冬休みに入り、外へ出る必要がなくなった私は、ただ茫然と毎日を過ごしていた。
 もうお昼の十三時だというのに、今日もベッドから一歩も動いていない。
 食欲がないという理由で昼食も食べずに、ただスマホで漫画を読んだり動画を観たりして、暇をつぶしている。
 検査の結果を聞いてからずっと、体がだるい。倦怠感が続いている。完全に、気持ちがマイナスな方へ引っ張られている。
 このままではまずいと分かっていながらも、気力がわいてこない。
 うつぶせの状態で枕に頭をつけて、横から景色を眺めていた私の目の前で、ぶぶっとスマホが震えた。
【粋、今日暇? 天音とえりなと集まってランチしない?】
 祥子からのメッセージだった。
 天音がいるなら、行こうかな。このままここでぐずぐずしていてもよくないし。
「行くか……」
 私は重たい体をなんとか起こして、私服に着替えようとクローゼットを開けた。
 このままひとりでいても、よからぬことを考えてしまうだけだし……。
『付き合ってないけど、だとしても何?』
 ふと、八雲の真剣な声が頭の中に降ってきた。
 彼は今、何をして誰と一緒にいるんだろう。
 休みに入ってから全く連絡を取っていないので、全く想像がつかない。
 何度か連絡を取ろうと試みたけれど、どんなメッセージを送ったらいいのか分からなくて、何も送れないままスマホを閉じる日々。
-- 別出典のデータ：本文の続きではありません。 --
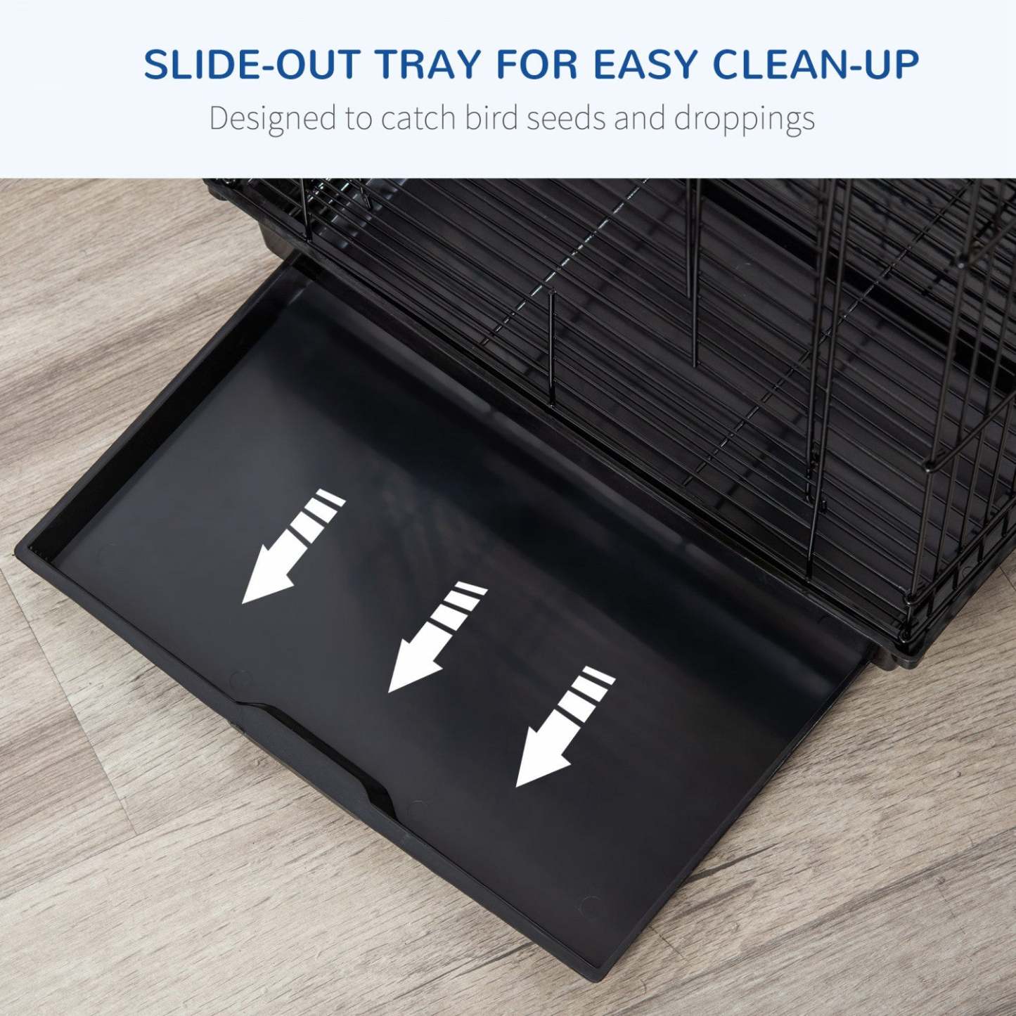 Pawhut 23 Cage à Oiseaux Volière Maison pour Perroquets Caillebotis avec Plateau de Jeu Ouvert et Bol d'Alimentation Perc|Pawhut 23 Cage A Oiseaux Parc Avec Plateau De Jeu Ouvert Et Bol D'alimentation Noir

 最近はずっと、彼のことを、できるだけ考えないようにしている。
 このまま八雲のことをもっと知りたいと思ってしまったら、きっと苦しくなるから。
「……よし」
 鏡の前で黒いニットワンピースに着替えた自分を見て、気合を入れる。
 私は荷物を持って、そっと一階に下りた。
 すると、父親と母親が何やらこそこそと話している声が聞こえてきた。
 そうか、今日は水曜だから父親も休みの日だったんだ。
「いったい、いつ言ったらいいのかしら……」
「紀香さん。落ち着いて……」
 ドアのわずかな隙間から見える母親は、顔を両手で覆って泣いている様子だった。
 そんな母親の背中を、父親が優しくさすっている。
 何、いったい何の話……?
 余命宣告以上に私に言いづらいことなんて、ある……?
 ドクンドクンと不安で鼓動が激しくなる心臓を手で押さえながら、私はそっと耳を傾ける。